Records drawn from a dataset

::::::::::

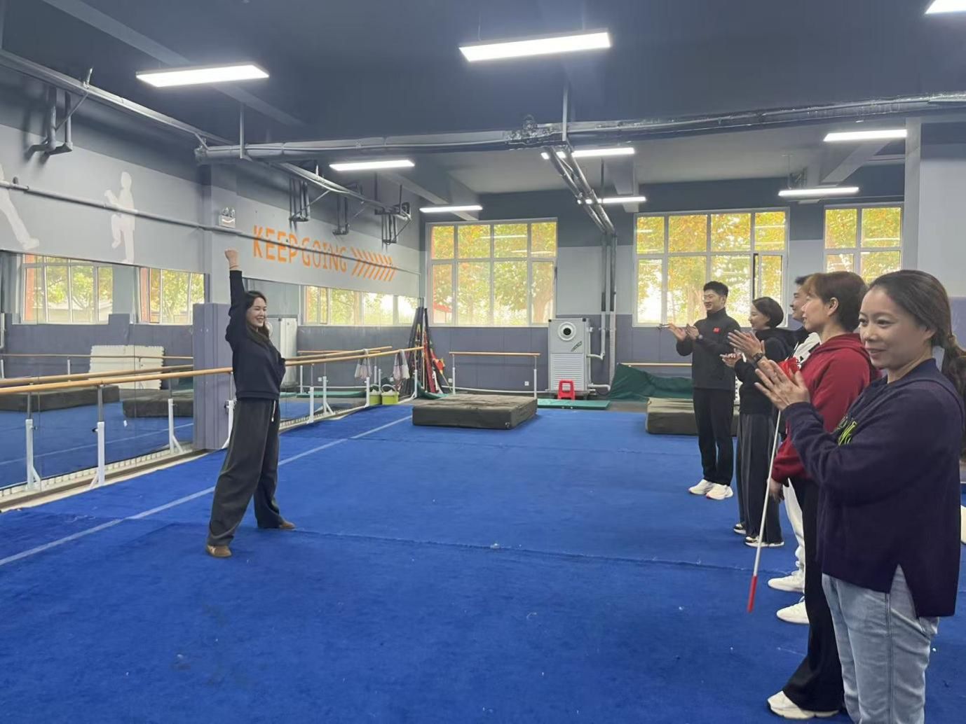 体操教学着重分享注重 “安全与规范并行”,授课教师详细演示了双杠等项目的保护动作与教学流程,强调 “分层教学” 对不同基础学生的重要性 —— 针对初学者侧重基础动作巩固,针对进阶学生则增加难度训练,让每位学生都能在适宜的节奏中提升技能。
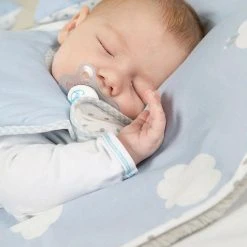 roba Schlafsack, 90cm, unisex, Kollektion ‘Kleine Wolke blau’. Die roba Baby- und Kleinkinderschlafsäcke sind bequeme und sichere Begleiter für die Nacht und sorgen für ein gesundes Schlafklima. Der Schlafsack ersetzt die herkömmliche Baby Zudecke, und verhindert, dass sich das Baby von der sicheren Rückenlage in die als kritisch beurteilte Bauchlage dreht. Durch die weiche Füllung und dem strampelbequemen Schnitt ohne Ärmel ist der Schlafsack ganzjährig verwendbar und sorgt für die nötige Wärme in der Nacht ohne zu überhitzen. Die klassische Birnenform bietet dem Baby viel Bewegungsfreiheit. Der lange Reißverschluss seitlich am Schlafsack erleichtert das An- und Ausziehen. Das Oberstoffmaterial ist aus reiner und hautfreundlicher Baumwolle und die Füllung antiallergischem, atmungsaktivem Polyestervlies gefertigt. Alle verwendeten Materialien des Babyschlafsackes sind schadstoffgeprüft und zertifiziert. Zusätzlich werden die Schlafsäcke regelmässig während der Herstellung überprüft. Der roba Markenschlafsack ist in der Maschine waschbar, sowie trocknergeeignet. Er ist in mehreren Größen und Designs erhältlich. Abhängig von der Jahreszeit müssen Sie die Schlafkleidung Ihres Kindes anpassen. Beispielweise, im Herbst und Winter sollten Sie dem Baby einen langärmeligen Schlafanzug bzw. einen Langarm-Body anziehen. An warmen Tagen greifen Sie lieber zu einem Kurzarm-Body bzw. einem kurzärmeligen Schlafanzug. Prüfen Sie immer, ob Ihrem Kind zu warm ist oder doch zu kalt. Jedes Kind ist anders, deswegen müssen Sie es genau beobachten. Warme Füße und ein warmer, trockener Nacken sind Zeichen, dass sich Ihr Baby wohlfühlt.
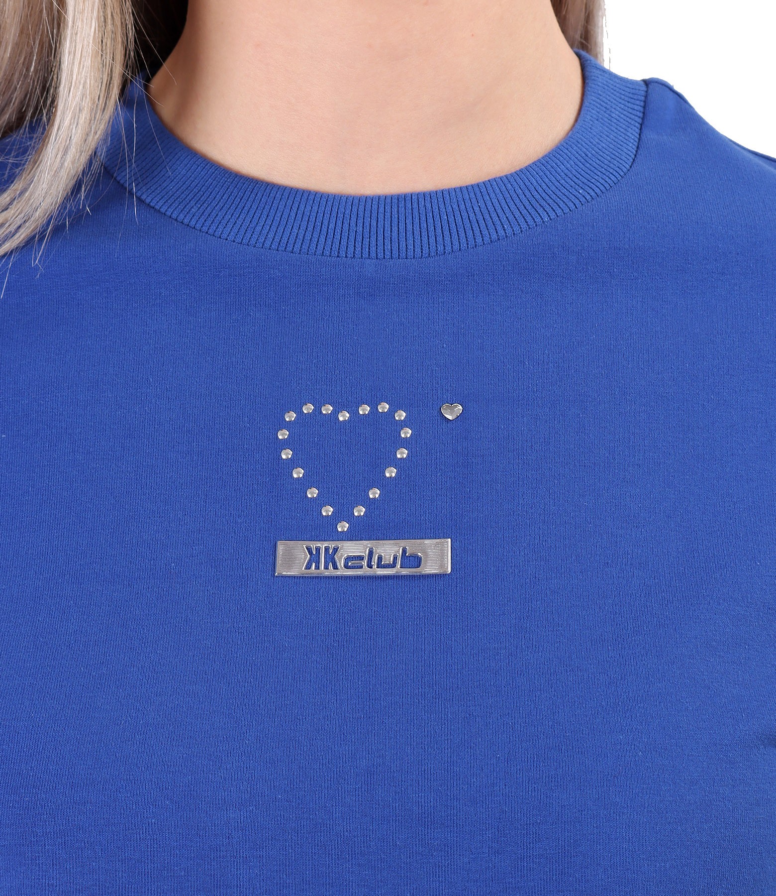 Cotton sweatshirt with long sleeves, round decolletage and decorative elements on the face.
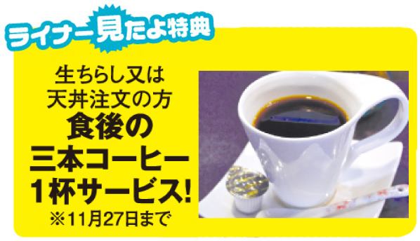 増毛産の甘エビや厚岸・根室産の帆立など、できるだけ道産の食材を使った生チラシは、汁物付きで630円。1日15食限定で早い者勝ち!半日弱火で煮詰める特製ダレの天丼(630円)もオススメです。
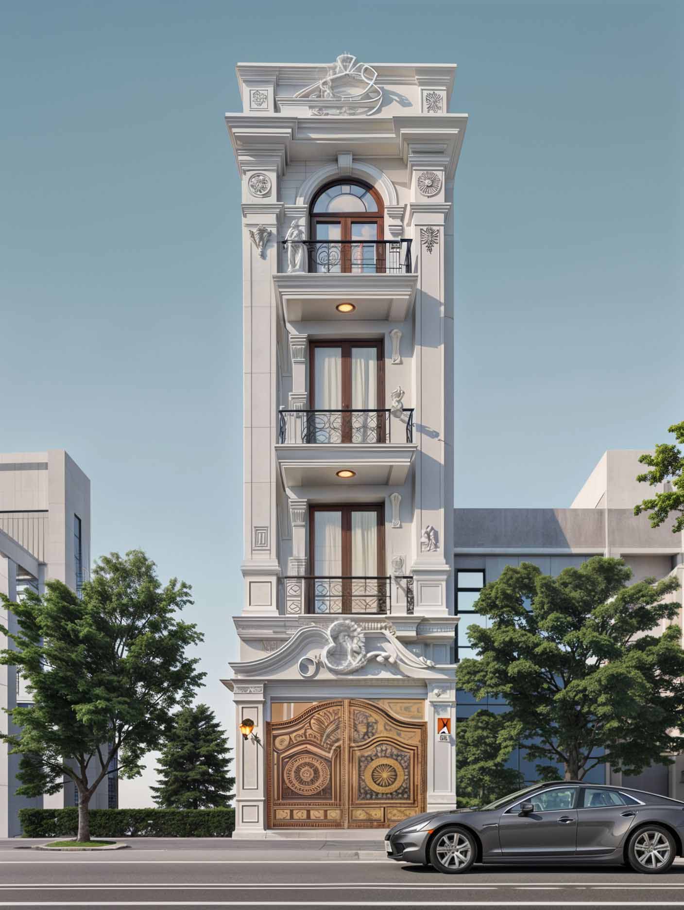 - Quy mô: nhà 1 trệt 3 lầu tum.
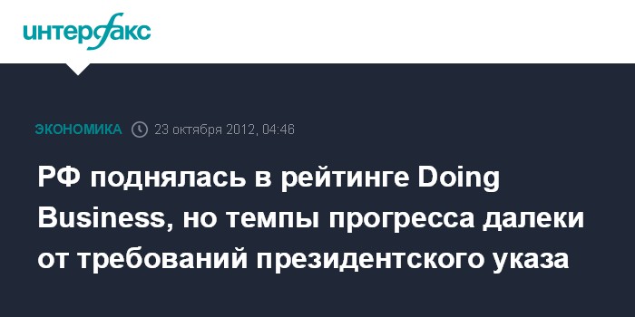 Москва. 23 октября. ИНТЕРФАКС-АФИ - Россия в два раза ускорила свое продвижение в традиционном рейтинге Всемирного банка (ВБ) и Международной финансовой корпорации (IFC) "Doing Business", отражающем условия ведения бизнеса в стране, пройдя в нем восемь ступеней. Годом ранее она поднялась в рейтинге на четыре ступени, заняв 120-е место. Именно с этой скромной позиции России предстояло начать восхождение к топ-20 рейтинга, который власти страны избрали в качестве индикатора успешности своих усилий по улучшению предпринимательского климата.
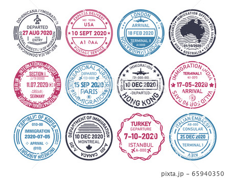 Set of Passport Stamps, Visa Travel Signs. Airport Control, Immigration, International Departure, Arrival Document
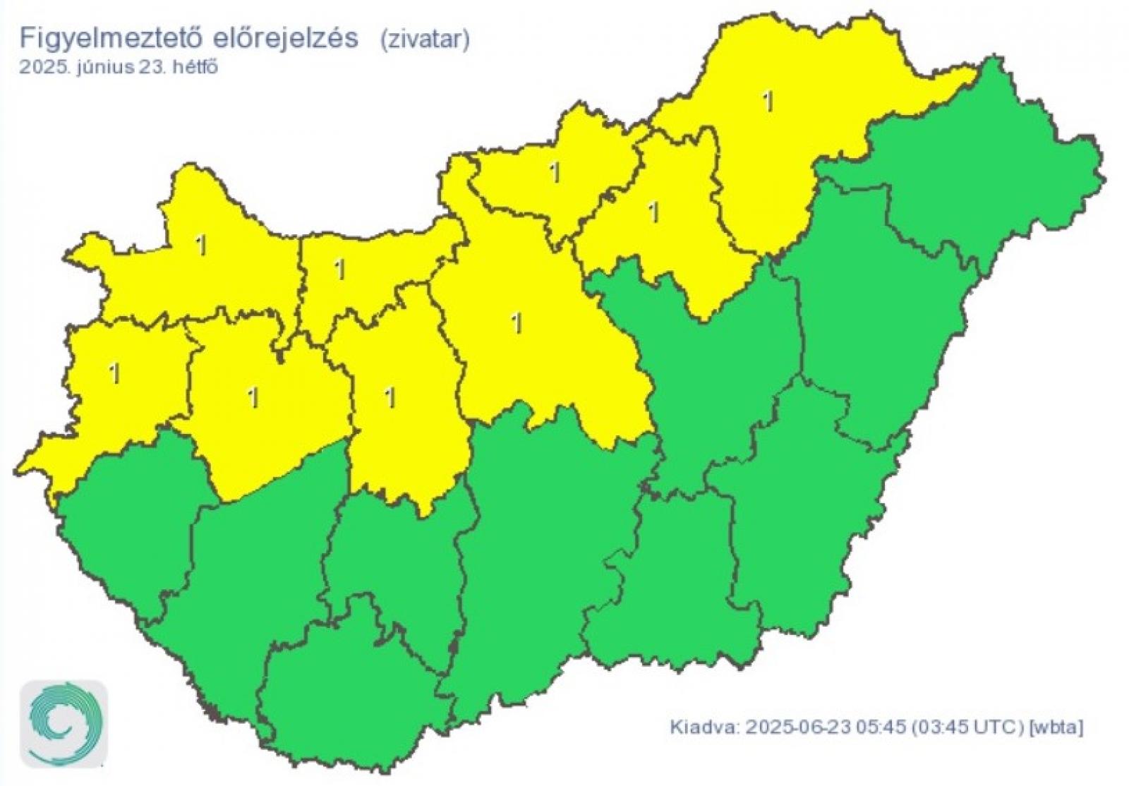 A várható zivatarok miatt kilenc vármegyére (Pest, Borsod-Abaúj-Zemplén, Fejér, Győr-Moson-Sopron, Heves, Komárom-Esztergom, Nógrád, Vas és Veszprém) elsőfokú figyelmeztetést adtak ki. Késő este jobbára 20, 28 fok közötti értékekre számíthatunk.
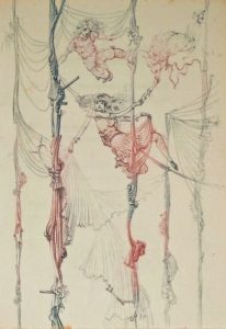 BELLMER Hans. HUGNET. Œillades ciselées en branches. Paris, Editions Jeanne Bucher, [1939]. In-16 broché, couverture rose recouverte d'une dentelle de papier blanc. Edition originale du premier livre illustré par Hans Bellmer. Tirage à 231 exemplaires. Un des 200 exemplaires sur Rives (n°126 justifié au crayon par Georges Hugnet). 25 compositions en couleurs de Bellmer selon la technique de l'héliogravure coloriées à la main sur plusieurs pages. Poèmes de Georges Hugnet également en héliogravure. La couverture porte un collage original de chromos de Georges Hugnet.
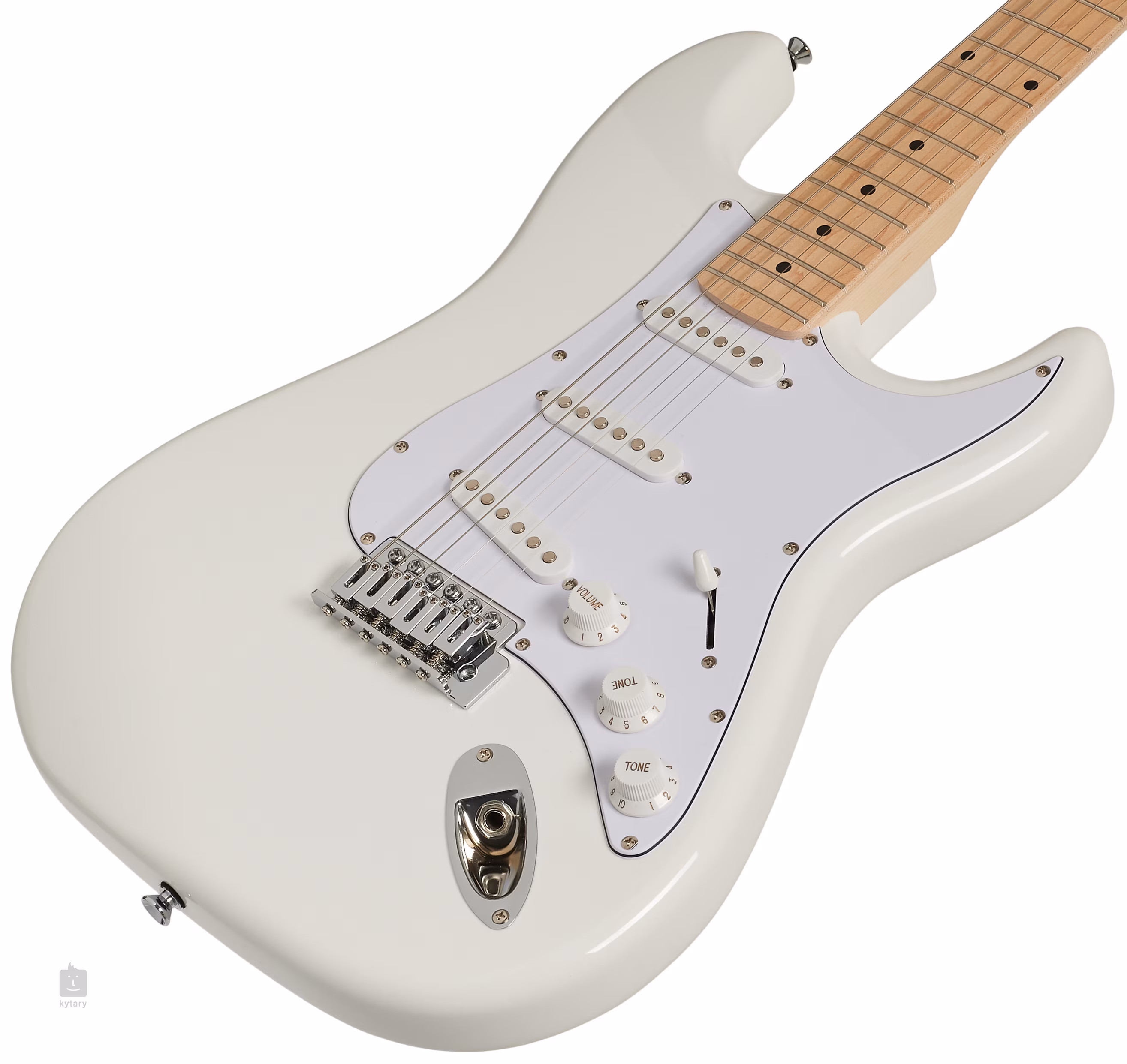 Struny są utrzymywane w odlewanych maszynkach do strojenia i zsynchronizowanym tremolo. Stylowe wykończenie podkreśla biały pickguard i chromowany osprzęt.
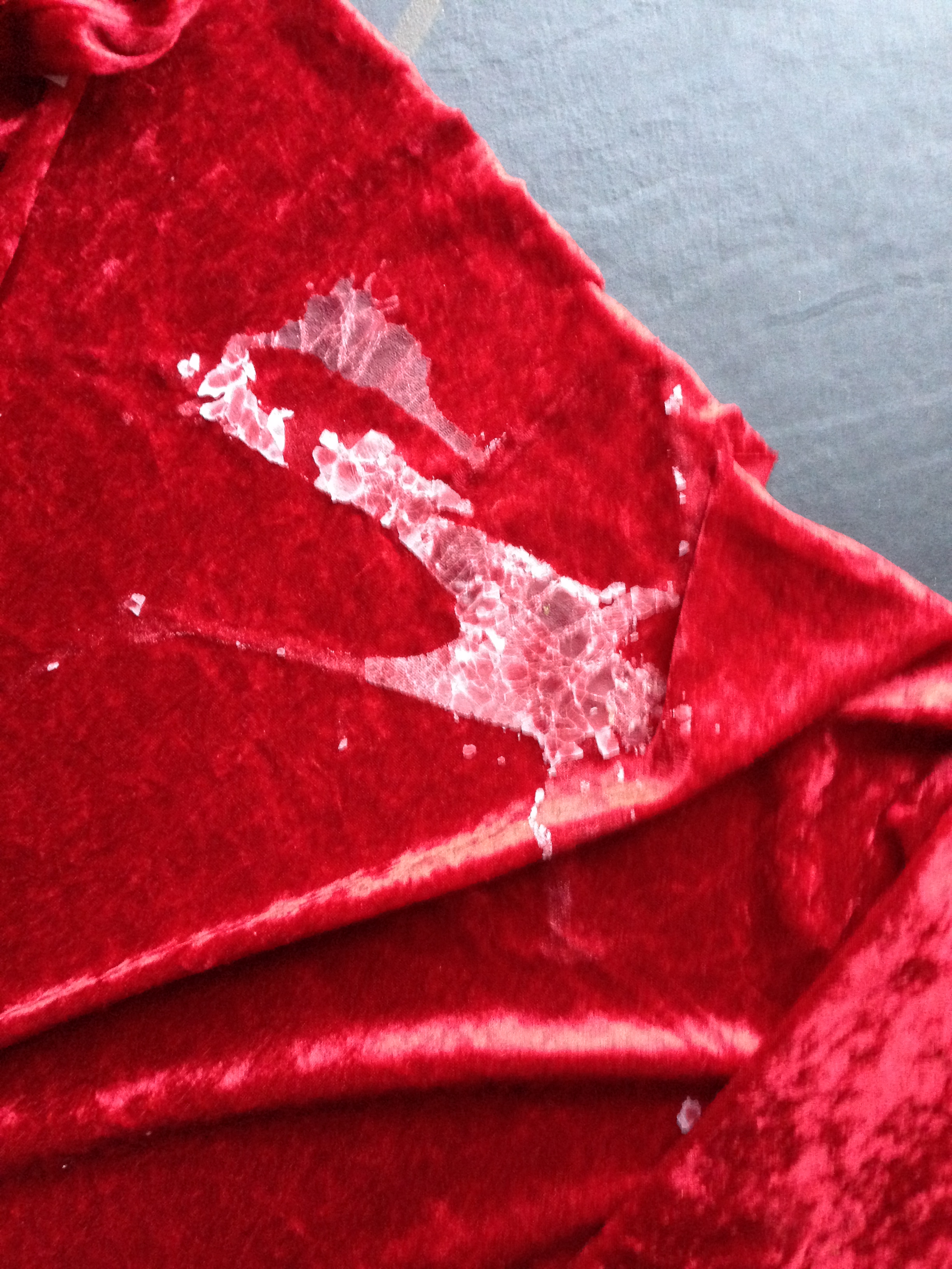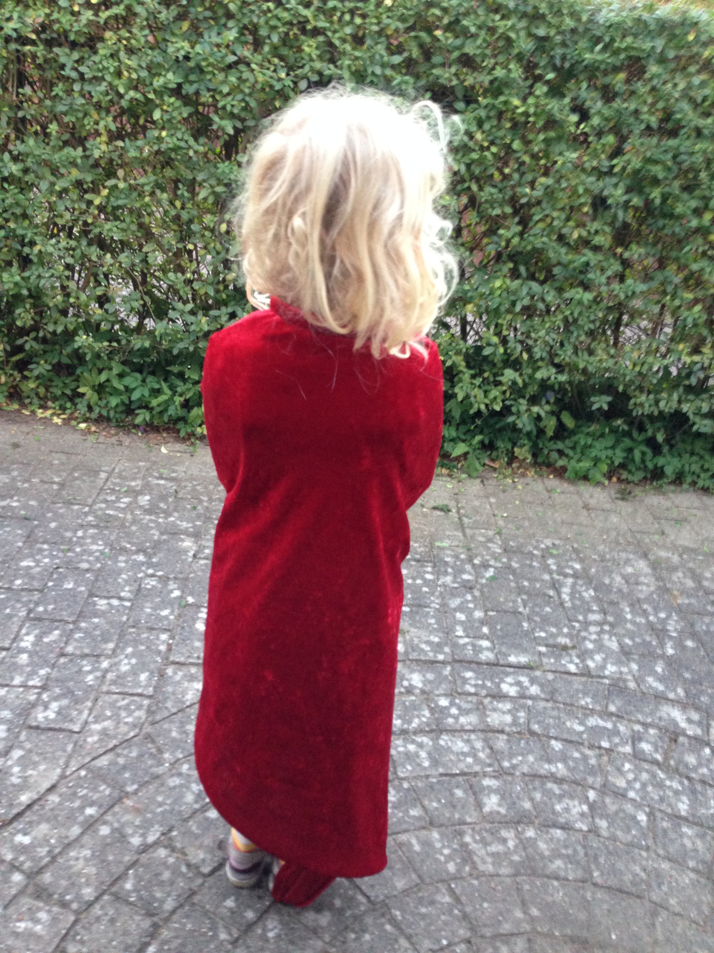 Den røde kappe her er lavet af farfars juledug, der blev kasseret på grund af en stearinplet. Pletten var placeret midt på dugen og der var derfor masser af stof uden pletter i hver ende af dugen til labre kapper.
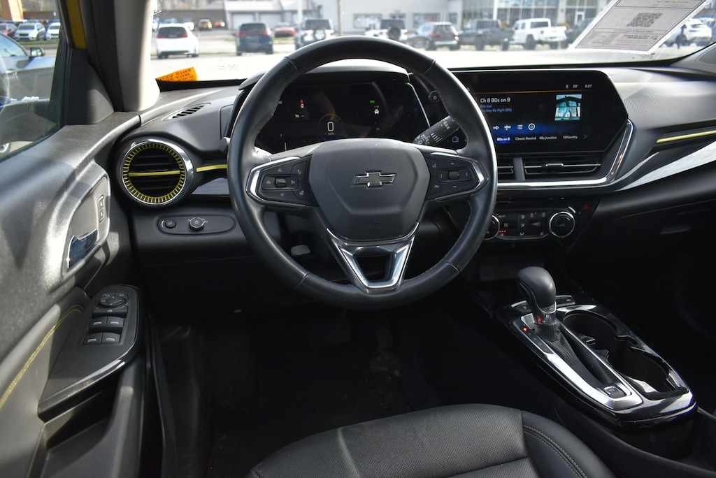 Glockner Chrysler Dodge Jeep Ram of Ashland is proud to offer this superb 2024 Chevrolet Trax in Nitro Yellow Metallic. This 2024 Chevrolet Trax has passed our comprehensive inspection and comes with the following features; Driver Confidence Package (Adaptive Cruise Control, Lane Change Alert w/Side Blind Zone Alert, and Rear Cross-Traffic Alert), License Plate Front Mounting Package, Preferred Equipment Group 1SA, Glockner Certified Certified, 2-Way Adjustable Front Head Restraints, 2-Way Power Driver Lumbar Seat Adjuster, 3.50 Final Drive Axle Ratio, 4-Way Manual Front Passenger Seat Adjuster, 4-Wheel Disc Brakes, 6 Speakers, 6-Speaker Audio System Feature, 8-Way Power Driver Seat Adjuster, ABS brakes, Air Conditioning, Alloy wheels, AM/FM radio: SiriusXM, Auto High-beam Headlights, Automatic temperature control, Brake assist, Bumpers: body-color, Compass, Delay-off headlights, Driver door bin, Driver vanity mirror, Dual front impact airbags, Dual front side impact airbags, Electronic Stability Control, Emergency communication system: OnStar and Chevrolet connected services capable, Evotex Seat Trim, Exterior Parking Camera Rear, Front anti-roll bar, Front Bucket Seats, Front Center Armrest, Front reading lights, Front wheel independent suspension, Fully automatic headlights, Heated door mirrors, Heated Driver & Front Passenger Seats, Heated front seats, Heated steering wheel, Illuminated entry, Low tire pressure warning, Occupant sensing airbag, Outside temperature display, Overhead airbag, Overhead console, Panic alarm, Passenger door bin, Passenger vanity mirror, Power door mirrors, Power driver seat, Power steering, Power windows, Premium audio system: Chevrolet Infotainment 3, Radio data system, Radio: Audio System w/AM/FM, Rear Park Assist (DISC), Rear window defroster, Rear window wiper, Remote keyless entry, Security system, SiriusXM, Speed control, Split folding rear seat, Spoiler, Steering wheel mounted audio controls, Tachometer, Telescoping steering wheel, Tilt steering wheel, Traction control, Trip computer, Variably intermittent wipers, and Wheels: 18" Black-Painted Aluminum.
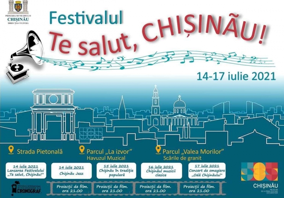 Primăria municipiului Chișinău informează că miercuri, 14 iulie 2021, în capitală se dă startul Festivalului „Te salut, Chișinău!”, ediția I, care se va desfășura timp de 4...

::::::::::

— EXERCISE —
Begin at the first line of the records. Print every line through the one containing "- Quy mô: nhà 1 trệt 3 lầu tum." exactly, but skip the pictures.

— EXPECTED ANSWER —
 体操教学着重分享注重 “安全与规范并行”,授课教师详细演示了双杠等项目的保护动作与教学流程,强调 “分层教学” 对不同基础学生的重要性 —— 针对初学者侧重基础动作巩固,针对进阶学生则增加难度训练,让每位学生都能在适宜的节奏中提升技能。
 roba Schlafsack, 90cm, unisex, Kollektion ‘Kleine Wolke blau’. Die roba Baby- und Kleinkinderschlafsäcke sind bequeme und sichere Begleiter für die Nacht und sorgen für ein gesundes Schlafklima. Der Schlafsack ersetzt die herkömmliche Baby Zudecke, und verhindert, dass sich das Baby von der sicheren Rückenlage in die als kritisch beurteilte Bauchlage dreht. Durch die weiche Füllung und dem strampelbequemen Schnitt ohne Ärmel ist der Schlafsack ganzjährig verwendbar und sorgt für die nötige Wärme in der Nacht ohne zu überhitzen. Die klassische Birnenform bietet dem Baby viel Bewegungsfreiheit. Der lange Reißverschluss seitlich am Schlafsack erleichtert das An- und Ausziehen. Das Oberstoffmaterial ist aus reiner und hautfreundlicher Baumwolle und die Füllung antiallergischem, atmungsaktivem Polyestervlies gefertigt. Alle verwendeten Materialien des Babyschlafsackes sind schadstoffgeprüft und zertifiziert. Zusätzlich werden die Schlafsäcke regelmässig während der Herstellung überprüft. Der roba Markenschlafsack ist in der Maschine waschbar, sowie trocknergeeignet. Er ist in mehreren Größen und Designs erhältlich. Abhängig von der Jahreszeit müssen Sie die Schlafkleidung Ihres Kindes anpassen. Beispielweise, im Herbst und Winter sollten Sie dem Baby einen langärmeligen Schlafanzug bzw. einen Langarm-Body anziehen. An warmen Tagen greifen Sie lieber zu einem Kurzarm-Body bzw. einem kurzärmeligen Schlafanzug. Prüfen Sie immer, ob Ihrem Kind zu warm ist oder doch zu kalt. Jedes Kind ist anders, deswegen müssen Sie es genau beobachten. Warme Füße und ein warmer, trockener Nacken sind Zeichen, dass sich Ihr Baby wohlfühlt.
 Cotton sweatshirt with long sleeves, round decolletage and decorative elements on the face.
 増毛産の甘エビや厚岸・根室産の帆立など、できるだけ道産の食材を使った生チラシは、汁物付きで630円。1日15食限定で早い者勝ち!半日弱火で煮詰める特製ダレの天丼(630円)もオススメです。
 - Quy mô: nhà 1 trệt 3 lầu tum.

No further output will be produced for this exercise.